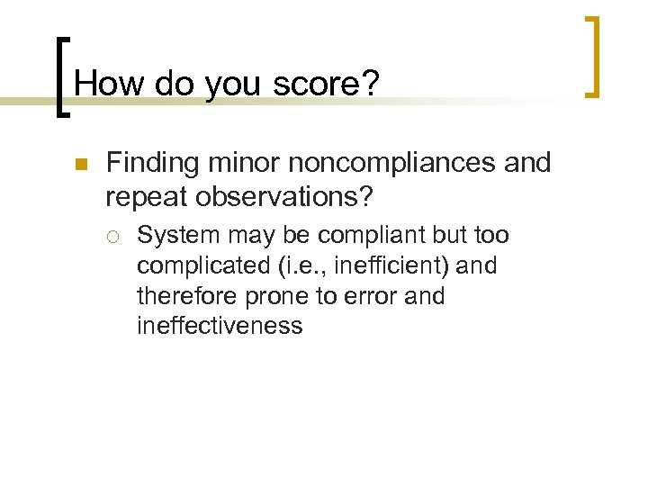 How do you score? n Finding minor noncompliances and repeat observations? ¡ System may be compliant but too complicated (i. e. , inefficient) and therefore prone to error and ineffectiveness
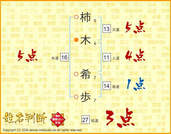 生活面を象徴する運勢です。外部から受ける影響力を表し、結婚運、家庭運や職場、環境への順応性を表します。総運から人運を引いた画数。姓や名が1文字の場合を除く。
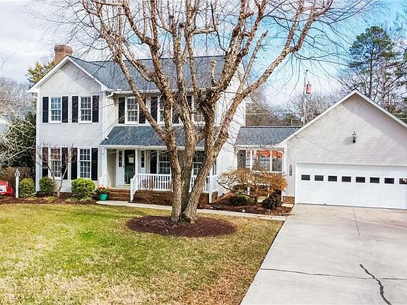 Beautiful, charming 3 bed/2.5 bath home in fabulous Burlington location! This home is a true treasure, boasting FABULOUS curb appeal & located just 5 mins from downtown! HWs & tile throughout, w HWs on main just refinished. Rocking chair front porch offers view of gorgeous Lamb's Lake right across the street! Main level houses living rm w brick-surr wood burning FP; dining w chair rail CM; kitchen w w-in pantry AND w-in storage as well as separate tile bar w glass front cabinetry; bright & beautiful sunroom w cathedral ceiling & door to office; 1/2 bath & laundry! All BRs on 2nd, including spacious primary w WIC w built-ins & en-suite tile bath, & BRs 2/3 just steps from tile hall bath. Expansive, flat, fenced BY w brick paver patio offers incredible outdoor living! Adorable breezeway connects the home to the 2-car garage, offering workbench w pegboard & shelving as well as 16'x10' heated/cooled storage room. Don't let this opportunity pass you by - schedule your showing today!!
•••
Your answer must be an exact copy of the lines above, from the line that contains "生活面を象徴する運勢です。外" through the final line, with no pictures in it.

 生活面を象徴する運勢です。外部から受ける影響力を表し、結婚運、家庭運や職場、環境への順応性を表します。総運から人運を引いた画数。姓や名が1文字の場合を除く。
 Beautiful, charming 3 bed/2.5 bath home in fabulous Burlington location! This home is a true treasure, boasting FABULOUS curb appeal & located just 5 mins from downtown! HWs & tile throughout, w HWs on main just refinished. Rocking chair front porch offers view of gorgeous Lamb's Lake right across the street! Main level houses living rm w brick-surr wood burning FP; dining w chair rail CM; kitchen w w-in pantry AND w-in storage as well as separate tile bar w glass front cabinetry; bright & beautiful sunroom w cathedral ceiling & door to office; 1/2 bath & laundry! All BRs on 2nd, including spacious primary w WIC w built-ins & en-suite tile bath, & BRs 2/3 just steps from tile hall bath. Expansive, flat, fenced BY w brick paver patio offers incredible outdoor living! Adorable breezeway connects the home to the 2-car garage, offering workbench w pegboard & shelving as well as 16'x10' heated/cooled storage room. Don't let this opportunity pass you by - schedule your showing today!!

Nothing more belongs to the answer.